(Dataset excerpts)
------------------------------
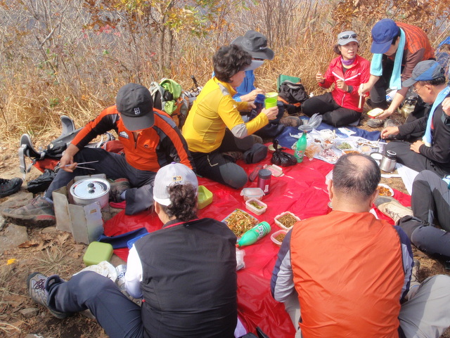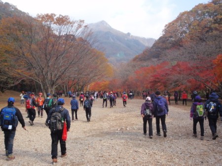 It was a steep climb and it took us an hour to reach the Yugunchi Pass, which is the start of the main ridge and the place where Korean Master Monk Huimuk gave the Japanese a pasting in 1592. Forty minutes later we got to the Janggunbong summit where the crowds of hikers made it difficult to find a place to stand. I suspect that a lot of them had approached from the opposite direction after taking a ride to near the top in the cable car. It’s a shame that there aren’t any Master Monks around these days to keep the crowds down.
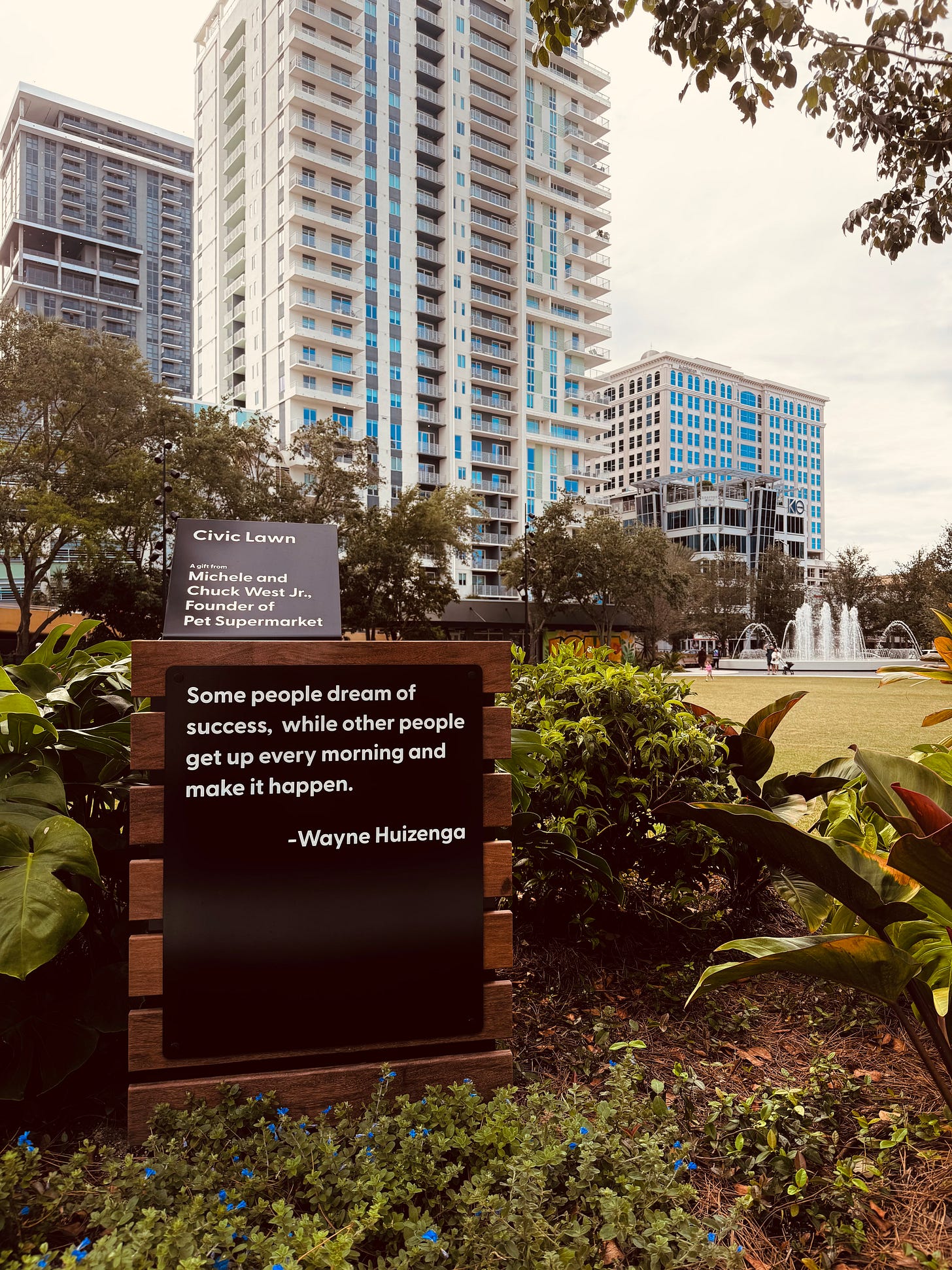 Over 25,000 people a month walk through the new Huizenga Park, but not many realize these wise words are on display on the eastern side of the green. I shared this same quote with our Acton friends who recently visited FTL.
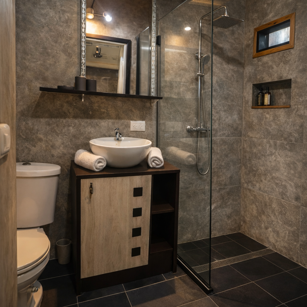 A calm mood, design-led cabin inspired by boutique city stays.
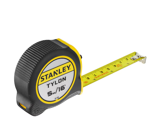 Miara zwijana 5m Stanley Tylon 1-30-696 to narzędzie do pomiaru długości do 5m. Miara Stanley została wykonana z taśmy stalowej polakierowanej i pokrytej powłoką Tylon™zamkniętej w obudowie z tworzywa sztucznego. Miara stalowa Stanley Tylon 1-30-696 posiada blokadę zwijania taśmy, zaczep do paska i zaczep mierniczy zamocowany za pomocą 2 nitów.
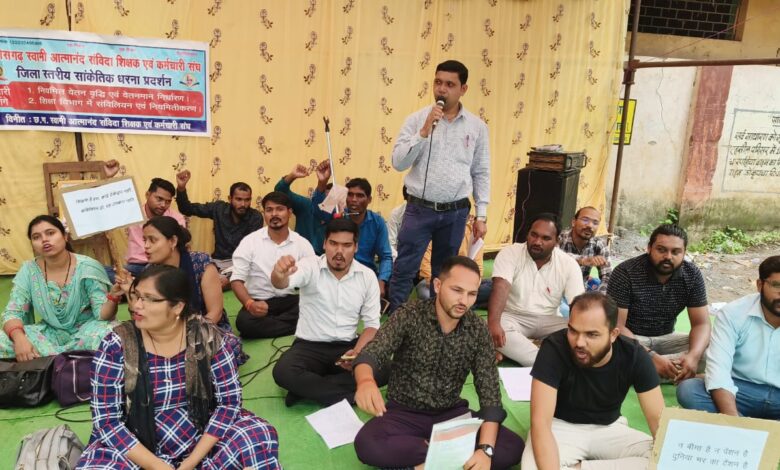 सारंगढ़ बिलाईगढ़ – स्वामी आत्मानंद संविदा शिक्षक एवं कर्मचारी संघ ने शिक्षा विभाग में संविलयन/नियमितीकरण और वेतन वृद्धि की दो सूत्रीय मांग को लेकर सारंगढ‑बिलाईगढ़ ज़िला में एक दिवसीय सांकेतिक धरना आयोजित किया।
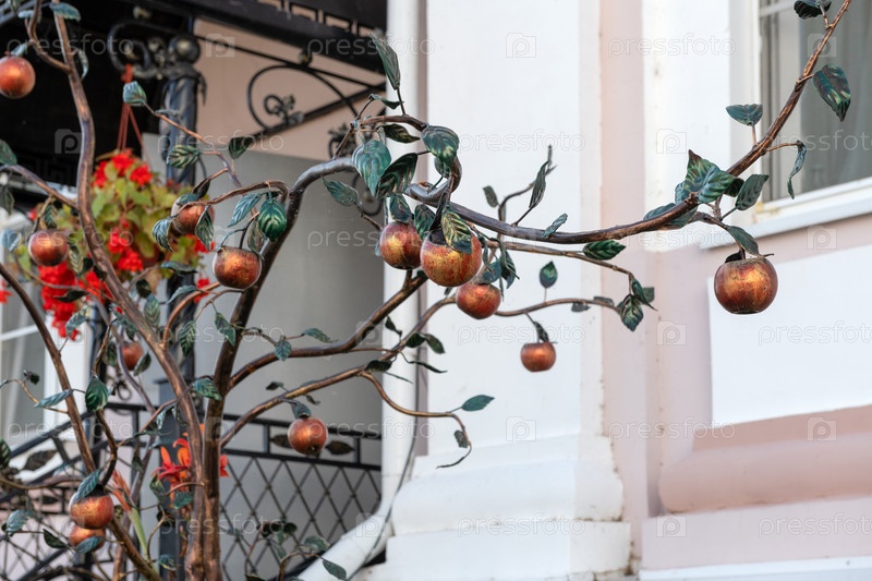Железные яблоки на металлическом дереве в Свято-Николаевском женском монастыре. Россия, Арзамас
------------------------------
(Exercise) Only the words belong in your copy: restate the data above exactly and leave the images out.

(Task answer)
 It was a steep climb and it took us an hour to reach the Yugunchi Pass, which is the start of the main ridge and the place where Korean Master Monk Huimuk gave the Japanese a pasting in 1592. Forty minutes later we got to the Janggunbong summit where the crowds of hikers made it difficult to find a place to stand. I suspect that a lot of them had approached from the opposite direction after taking a ride to near the top in the cable car. It’s a shame that there aren’t any Master Monks around these days to keep the crowds down.
 Over 25,000 people a month walk through the new Huizenga Park, but not many realize these wise words are on display on the eastern side of the green. I shared this same quote with our Acton friends who recently visited FTL.
 A calm mood, design-led cabin inspired by boutique city stays.
 Miara zwijana 5m Stanley Tylon 1-30-696 to narzędzie do pomiaru długości do 5m. Miara Stanley została wykonana z taśmy stalowej polakierowanej i pokrytej powłoką Tylon™zamkniętej w obudowie z tworzywa sztucznego. Miara stalowa Stanley Tylon 1-30-696 posiada blokadę zwijania taśmy, zaczep do paska i zaczep mierniczy zamocowany za pomocą 2 nitów.
 सारंगढ़ बिलाईगढ़ – स्वामी आत्मानंद संविदा शिक्षक एवं कर्मचारी संघ ने शिक्षा विभाग में संविलयन/नियमितीकरण और वेतन वृद्धि की दो सूत्रीय मांग को लेकर सारंगढ‑बिलाईगढ़ ज़िला में एक दिवसीय सांकेतिक धरना आयोजित किया।
Железные яблоки на металлическом дереве в Свято-Николаевском женском монастыре. Россия, Арзамас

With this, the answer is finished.